Give the data again exactly, without images.

§ **Dataset content**:
━━━━━━

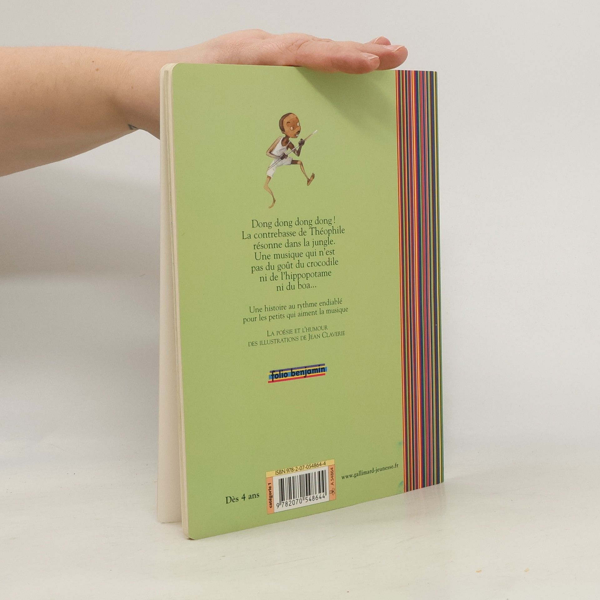 Dong dong dong dong ! La contrebasse de Théophile résonne dans la jungle. Une musique qui n'est pas du goût du crocodile ni de l'hippopotame ni du boa... Une histoire au rythme endiablé pour les petits qui aiment la musique.
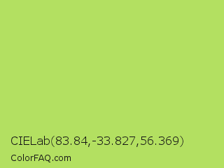 CIELab 83.84,-33.827,56.369 Color is a light green color and the nearest color is Inchworm #b2ec5d. Hex code #b3e061 and RGB value is rgb(179,224,97). In RGB color space, this color is composed of 70% red, 88% green, 38% blue, In CMYK color space, this color is composed of 20% cyan, 0% magenta, 57% yellow , 12% black , In HSL color space, this color has a hue angle of 81° , 67% saturation and 63% lightness.
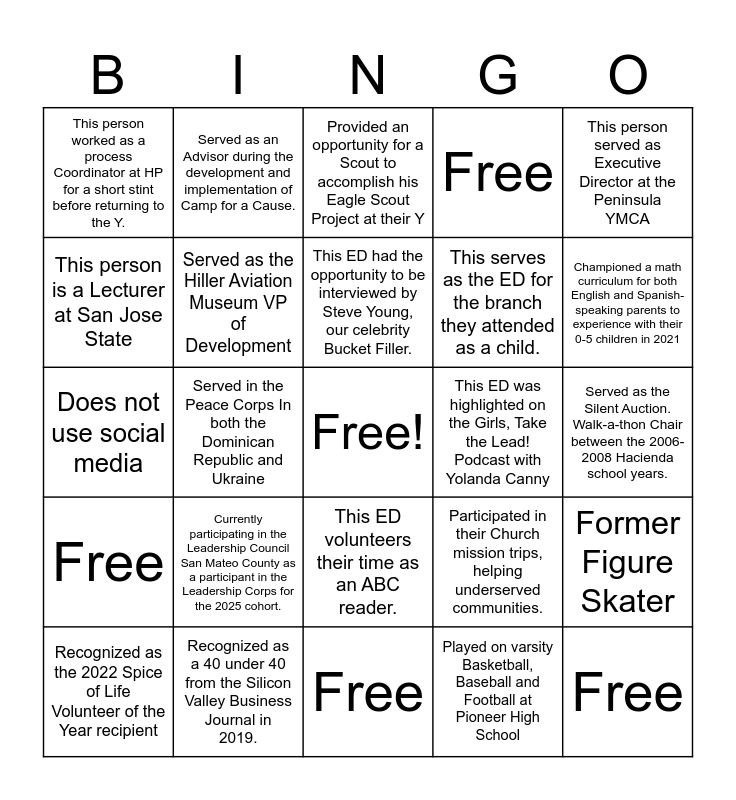 This bingo card has a free space and 24 words: Currently participating in the Leadership Council San Mateo County as a participant in the Leadership Corps for the 2025 cohort., Recognized as a 40 under 40 from the Silicon Valley Business Journal in 2019., This ED had the opportunity to be interviewed by Steve Young, our celebrity Bucket Filler., Recognized as the 2022 Spice of Life Volunteer of the Year recipient, This person served as Executive Director at the Peninsula YMCA, This person worked as a process Coordinator at HP for a short stint before returning to the Y., This person is a Lecturer at San Jose State, Served as an Advisor during the development and implementation of Camp for a Cause., This ED was highlighted on the Girls, Take the Lead! Podcast with Yolanda Canny, This ED volunteers their time as an ABC reader., This serves as the ED for the branch they attended as a child., Does not use social media, Participated in their Church mission trips, helping underserved communities., Former Figure Skater, Served as the Hiller Aviation Museum VP of Development, Played on varsity Basketball, Baseball and Football at Pioneer High School, Served as the Silent Auction. Walk-a-thon Chair between the 2006- 2008 Hacienda school years., Provided an opportunity for a Scout to accomplish his Eagle Scout Project at their Y, Championed a math curriculum for both English and Spanish-speaking parents to experience with their 0-5 children in 2021, Served in the Peace Corps In both the Dominican Republic and Ukraine, Free, Free, Free and Free.

━━━━━━

§ **Exercise solution**:
 Dong dong dong dong ! La contrebasse de Théophile résonne dans la jungle. Une musique qui n'est pas du goût du crocodile ni de l'hippopotame ni du boa... Une histoire au rythme endiablé pour les petits qui aiment la musique.
 CIELab 83.84,-33.827,56.369 Color is a light green color and the nearest color is Inchworm #b2ec5d. Hex code #b3e061 and RGB value is rgb(179,224,97). In RGB color space, this color is composed of 70% red, 88% green, 38% blue, In CMYK color space, this color is composed of 20% cyan, 0% magenta, 57% yellow , 12% black , In HSL color space, this color has a hue angle of 81° , 67% saturation and 63% lightness.
 This bingo card has a free space and 24 words: Currently participating in the Leadership Council San Mateo County as a participant in the Leadership Corps for the 2025 cohort., Recognized as a 40 under 40 from the Silicon Valley Business Journal in 2019., This ED had the opportunity to be interviewed by Steve Young, our celebrity Bucket Filler., Recognized as the 2022 Spice of Life Volunteer of the Year recipient, This person served as Executive Director at the Peninsula YMCA, This person worked as a process Coordinator at HP for a short stint before returning to the Y., This person is a Lecturer at San Jose State, Served as an Advisor during the development and implementation of Camp for a Cause., This ED was highlighted on the Girls, Take the Lead! Podcast with Yolanda Canny, This ED volunteers their time as an ABC reader., This serves as the ED for the branch they attended as a child., Does not use social media, Participated in their Church mission trips, helping underserved communities., Former Figure Skater, Served as the Hiller Aviation Museum VP of Development, Played on varsity Basketball, Baseball and Football at Pioneer High School, Served as the Silent Auction. Walk-a-thon Chair between the 2006- 2008 Hacienda school years., Provided an opportunity for a Scout to accomplish his Eagle Scout Project at their Y, Championed a math curriculum for both English and Spanish-speaking parents to experience with their 0-5 children in 2021, Served in the Peace Corps In both the Dominican Republic and Ukraine, Free, Free, Free and Free.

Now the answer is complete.